Arthur Percival Heywood
Sir Arthur Percival Heywood , 3rd Baronet (1849-1916) was the eldest son of Sir Thomas Percival Heywood. He grew up in the family home of Dove Leys at Denstone in Staffordshire.
The home looked over the valley where ran the North Staffordshire Railway from Rocester to Ashbourne. The family travelled by train to their relatives in Manchester and on holiday to Inveran in the Highland region of Scotland, thus Sir Arthur developed a passion for the railway from an early age.
He assisted his father in his hobby of ornamental metalwork, with a Holtzapffel lathe, and in his late teenage, built a four inch gauge model railway with a steam locomotive. Wanting something on which his younger siblings could ride, he went on to build a nine-inch gauge locomotive and train, which gave him the experience for his later ventures.
Initially schooled at Eton, in 1868, he went on to Trinity College, Cambridge, where he made friends with the local railway people, cadging lifts on the footplates of locos. He passed out with a degree in Applied Science. As a landed gentleman, however, convention frowned on him developing an engineering career.
In 1872 he married his cousin, Margaret Effie, daughter of the Reverend George Sumner, Rector of Alresford in Hampshire and set up home on Duffield Bank, near Duffield near Derby, the headquarters of the Midland Railway. Since many of the directors lived in Duffield, he soon developed an interest in Derby Works. He became aware of experiments by the Royal Engineers in building railways in warfare.
These first experiments had been distinctly unsuccessful, as had previous attempts dating back several decades to build "portable railways" for agricultural use. Thus, at what was known as the Duffield Bank Railway, Heywood developed what he called the "minimum gauge railway". He settled on 15 in (381 mm) as the optimum, his previous 9 in line having proved to be too small to carry people in a stable manner. Built on a steep hillside, the line was an ideal testing ground and, to gain the adhesion for steep gradients and the ability to negotiate small radius curves, he built six-coupled locomotives with what he called his "radiating axle."
Though the line remained in use for many years and was visited by many potential buyers, the only interest came from the Duke of Westminster for whom he built the Eaton Hall Railway.
Sir Arthur also had a keen interest in campanology (bell ringing) and he founded the Central Council of Church Bell Ringers.
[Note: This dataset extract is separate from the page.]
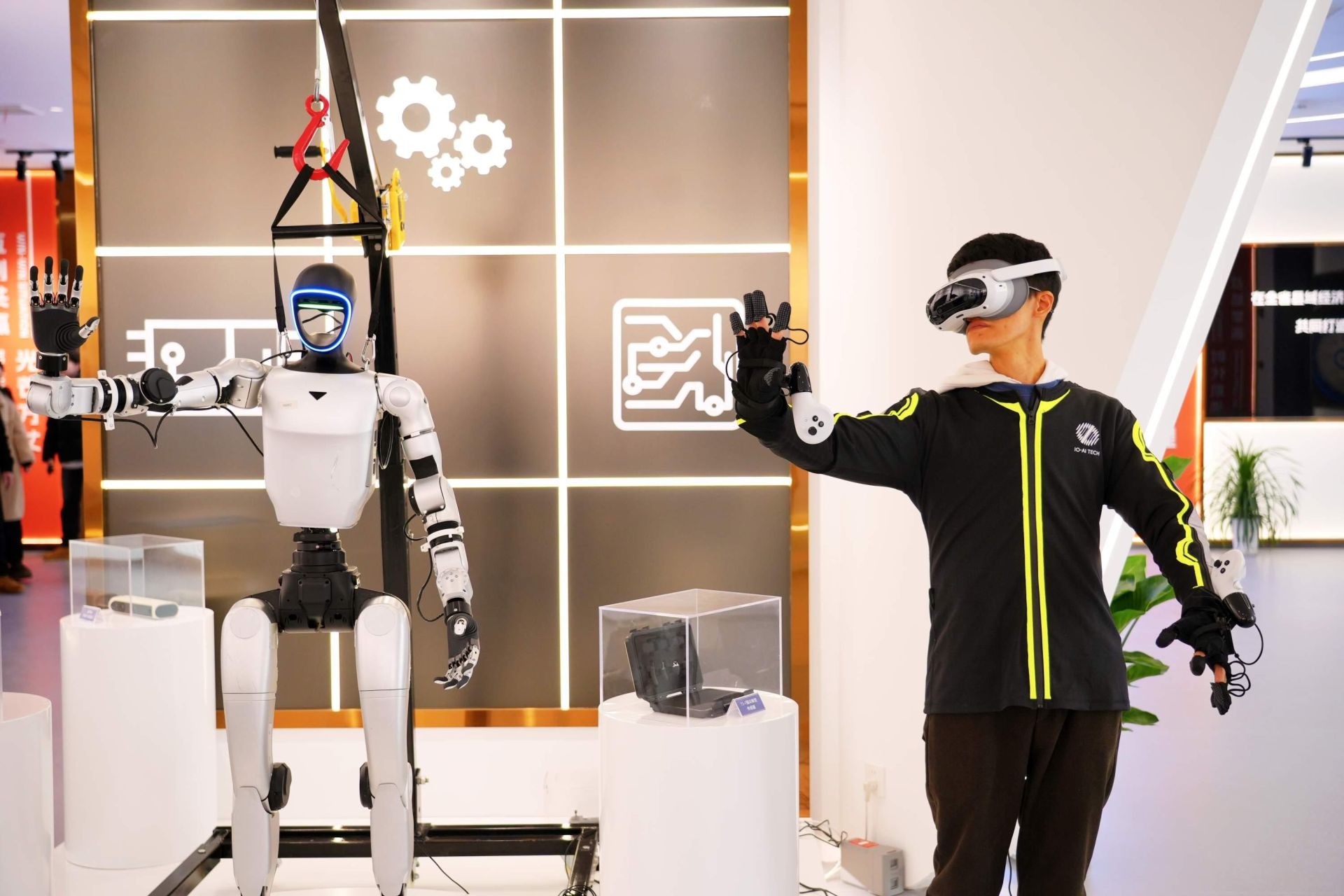 在潜江(武汉)离岸科创中心,湖北他山科技有限公司的技术人员在训练人形机器人。 通讯员关洪磊 摄

He was often to be seen a Duffield's St. Alkmunds Church and in the years up to 1887, augmented its peal from six to ten..
Sir Arthur's father died in 1897 and he inherited Dove Leys, where he began to build another railway between the road, where there was a coal store, and the house. His intention was to extend to Norbury railway goods yard, but Colonel Clowes who owned the land in between refused to give him wayleave. Sir Arthur then extended the line southwards to nearby Dove Cliff farm, which was part of his estate, and thence to Rocester station. However he was again unable to obtain wayleave from his other neighbour, Colonel Dawson.
When World War I began in 1914, all three of his sons went on active service, as did many of his staff. Sir Arthur carried on, particularly with work on the Eaton Hall Railway. However he was unwell in the early part of 1916 and took a turn for the worse on the 19th. April during a visit to Duffield Bank and died in the afternoon.
References
- Clayton, H., (1968) The Duffield Bank and Eaton Railways. The Oakwood Press, X19, ISBN 0-85361-034-7
- Smithers, Mark, (1995) Sir Arthur Heywood and the Fifteen Inch Gauge Railway, Plateway Press, ISBN 1-871980-22-4.